I have totally mastered buying local foods, but not at all for other shopping. DH and I discuss it periodically. We don't have many choices in town; our local Walmart already ate them up some time ago. They are planning to build a Super Walmart now that will eat up the grocery stores in town next, and DH and I are going to be involved in the activism against that.

We think we'll follow a "buy small" guideline rather than "buy local" per se. So, if my only choices are WalMart and CVS (say, for a prescription), then CVS it is, even though it's a national chain itself. But more than that, by that guideline we would buy online from a WAHM over even buying the item locally from a chain store.

I think this guideline is in line with the ultimate goal - keeping our money from going to a monopoly. Yes, I would rather keep it in MY community, but if that's not feasible, I'm happy to send my money to another community, as long as it's some COMMUNITY I'm helping, and not a multinational empire.

But OP, you're right, the stores hopping on to the buy local movement need to make the same effort the consumers are. Not to mention that the localwashing should stop (I've heard some communities have, say, Target being listed as a "local store" - confusing less savvy people into thinking that the issue is shopping at your local brick and mortar big box over ordering from the same place online).


----------



## morgainesmama (Sep 1, 2004)

I think businesses have a responsibility to think about sustainability and ethical business practices.

I sell a variety of products that I manufacture. One is not feasible to produce locally, and people carry it all over the world. Stores are happy to support my small business, and they know that I, in turn, support another small ethical business in my manufacturing.

Another product I make, however, is absolutely possible to keep local. So I make a huge effort to keep it local, the components local, the packaging local (though I'm sure it's not produced locally, I buy from a local company), etc. And again, sell it all over the world -- so that all over the world, people are supporting my New England business, which is, in turn, supporting other New England businesses.

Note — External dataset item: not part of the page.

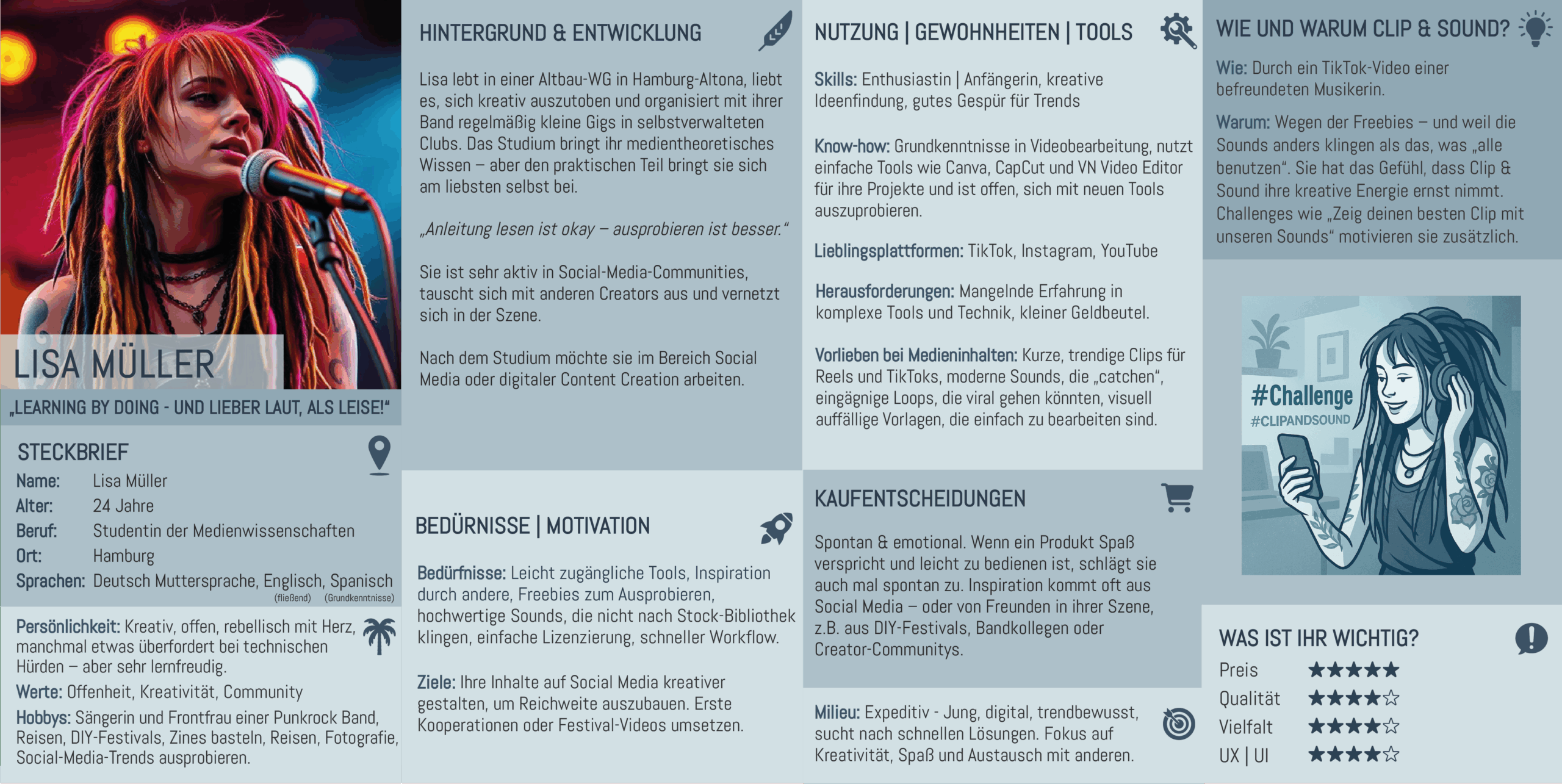 Lisa repräsentiert als secondary Persona eine junge, kreative Zielgruppe mit wenig Kaufkraft – aber großem Einfluss.
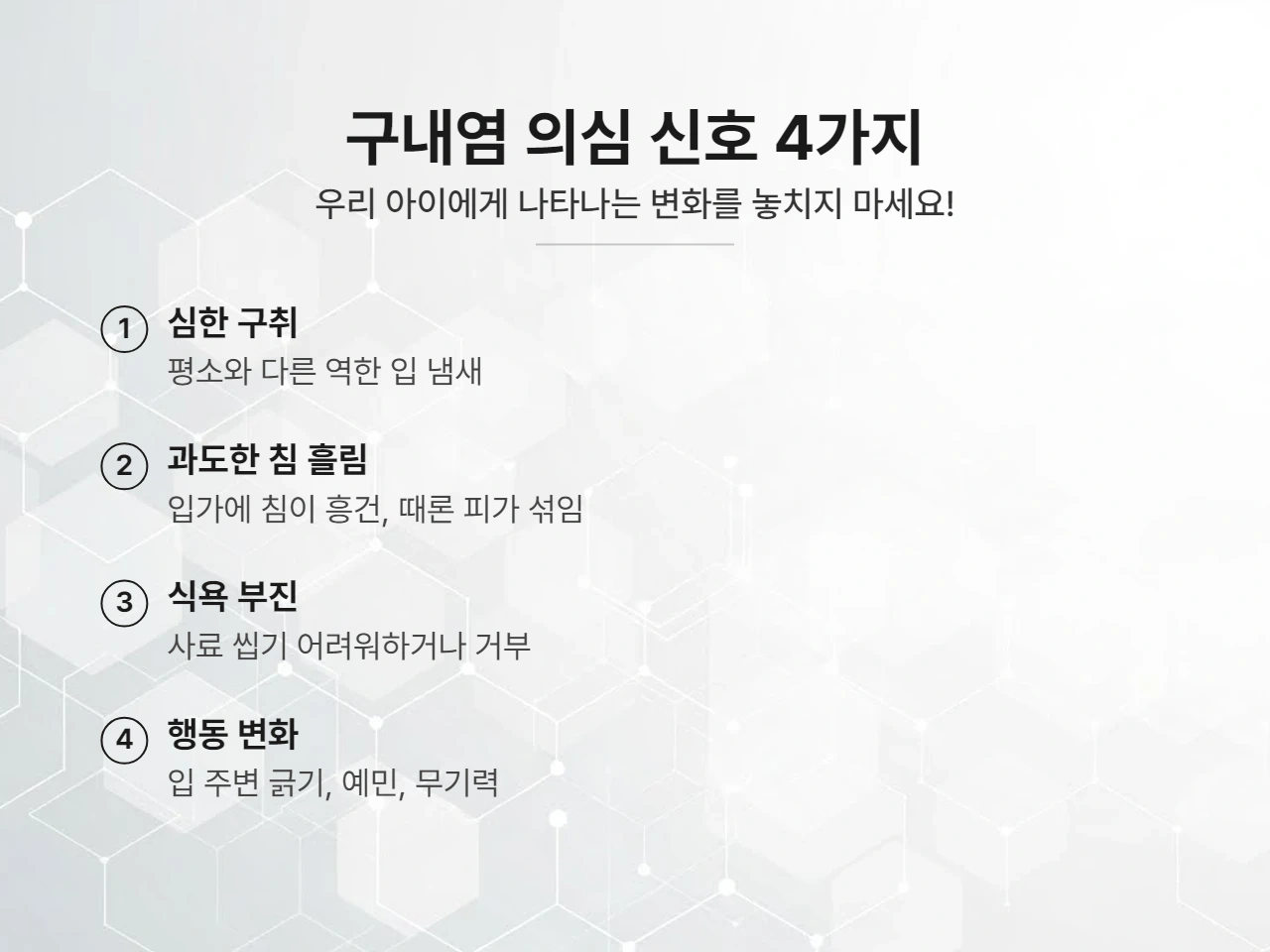 구내염은 단순히 입안의 문제로 끝나지 않고, 아이들의 전반적인 컨디션과 행동에도 영향을 미칠 수 있습니다. 저도 처음에는 대수롭지 않게 여겼다가 나중에 구내염으로 밝혀진 경우도 많아요.

Ideally, local stores should have a target of % of products to source locally. My youngest brother is opening a new Meat House in Saratoga Springs this week, and one thing I LOVE about the business model of the company is their emphasis on local supply chains, and on keeping a % of the brands they carry as local brands. I totally agree about liquor stores, for instance, supporting local breweries when possible, hardware stores seeking to keep a % of their supplies local, etc.


----------



## mamatoablessing (Oct 17, 2005)

My husband and I own a small chain of health foods stores and do our best to buy products for our store that have been manufactured or grown locally. It's hard though. Many of our suppliers are in our state, which I do believe is considered local. When I buy our produce, I specifically look for items grown as close to us as possible. We make a huge effort to verify that our suppliers aren't manufacturing overseas, but we haven't been able to cease all buying from those who do. We also try very hard to support other local business. For example, we buy our business cards from a local printing shop. I could pay less for the same product on line, but its important to us to support other businesses the way we hope they support us.

Anyway, I'm not sure I added much but that's our take on it right now.


----------